Verso i 4/5 anni, si sviluppa in modo specifico il concetto di sé e dell’identità sessuale. Il concetto di sé comprende un Io esistenziale (sono un’entità separata dagli altri) che inizia a svilupparsi dal momento della nascita,  un Io categorico (possiedo caratteristiche specifiche di sesso, nazionalità, opinioni, già definito a questa età) e l’autostima (giudico positivamente o negativamente queste mie caratteristiche). Ora il bambino ha più consapevolezza  dell’ esistenza di un “Io” , entità fisica continua e definita, come momento  fondamentale del processo di apprendimento. Nella teoria Freudiana l’Io è la parte della personalità che organizza, pianifica e mantiene il contatto tra individuo e realtà. Il linguaggio e il pensiero sono entrambi funzioni dell’Io, che in questo periodo si consolidano e con cui il bambino si cimenta in abilità e relazioni più complesse. Ascoltando e immagazzinando i rinforzi dell’ambiente sulla sua identità di genere e sulle sue capacità e suoi limiti, giunge a un primo abbozzo di conclusioni e riflessioni su sé stesso, dando un apporto concreto al concetto di sé in formazione.  Anche l’aspetto morale assume importanza e inizia la conquista dell’autocontrollo e del senso di responsabilità. Il ruolo del  padre esce sempre più dalla sfondo e si consolida la triade madre/padre/bambino, in cui la figura  maschile insegna le regole e sottolinea i divieti. E’ anche una fase di “sfida” in cui il bambino costruisce l’autostima e si confronta  iniziando a uscire dalla famiglia (scuola materna e allargamento di relazioni, nascita delle prime vere amicizie). A questa età i bambini manifestano disagio attraverso la difficoltà ad addormentarsi e con il comunicare specifiche paure (aggressività dei compagni e propria, streghe e mostri).
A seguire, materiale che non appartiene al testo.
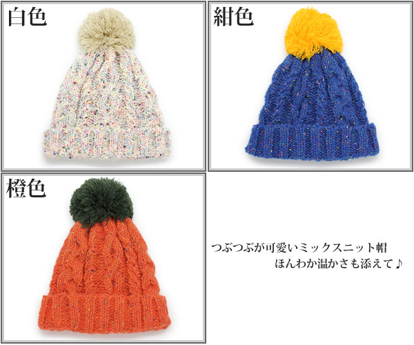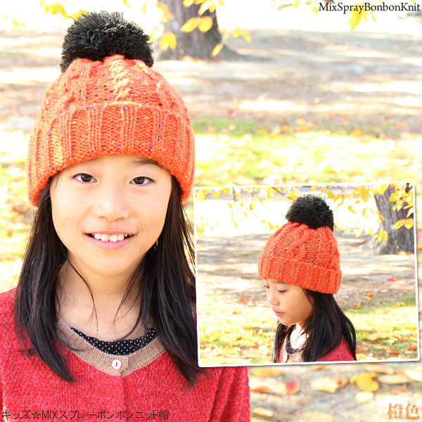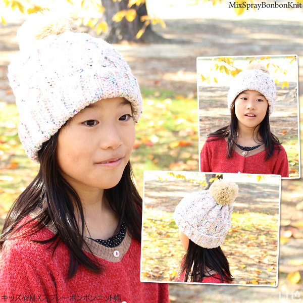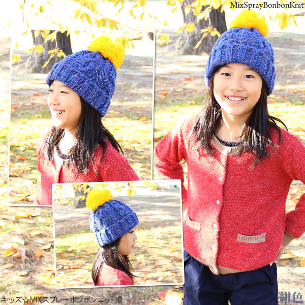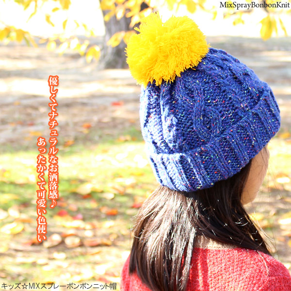 ニット帽 ボンボン [メール便可] 子供用 帽子 秋冬 男の子 女の子 / キッズ MIXスプレーボンボンニット帽

La successiva transizione particolarmente significativa si situa intorno ai 6 anni, età in cui pressoché in tutte le culture il bambino inizia il suo percorso nella scuola primaria e quindi c’è da parte degli adulti, un riconoscimento implicito del suo essere pronto per tale passaggio. Il bambino inizia anche a cimentarsi con competenze cognitive in modo più sistematico (operazioni matematiche, sforzi di memoria, leggere, scrivere….) e relazionali (passa molte ore fuori casa, deve seguire altre regole, conosce tutti insieme molti coetanei…) tutte esperienze particolarmente ricche ma anche fonti di possibile stress. Questa è  anche l’età in cui i bambini acquisiscono la certezza dell’irreversibilità de genere sessuale a cui appartengono, che non dipende, come hanno creduto da più piccoli,  dall’abito o dalla foggia dei capelli , ma da qualcosa biologicamente definito e socialmente rinforzato.
 Durante le scuole elementari, fino a 11 anni circa,  il bambino consolida lo sviluppo cognitivo passando dalle operazioni concrete all’uso pieno della logica induttiva. In questo periodo si affermano anche i  ruoli e gli stili di gioco, si struttura la tendenza al  comando il grado di socialità e popolarità tra i compagni. Intorno ai 7 anni, compare in modo a volte anche particolarmente pressante, la  paura della morte, propria o dei familiari, che diventa un concetto importante con cui confrontarsi e interrogarsi. In questa fase definita da Freud “latenza”, sembra che gli interessi sessuali siano sopiti, in generale, è un periodo di quiete ma non di vuoto in cui prosegue e si consolida l’apprendimento  e  i cambiamenti sono meno evidenti dei periodi precedenti e successivi, ma non meno significativi.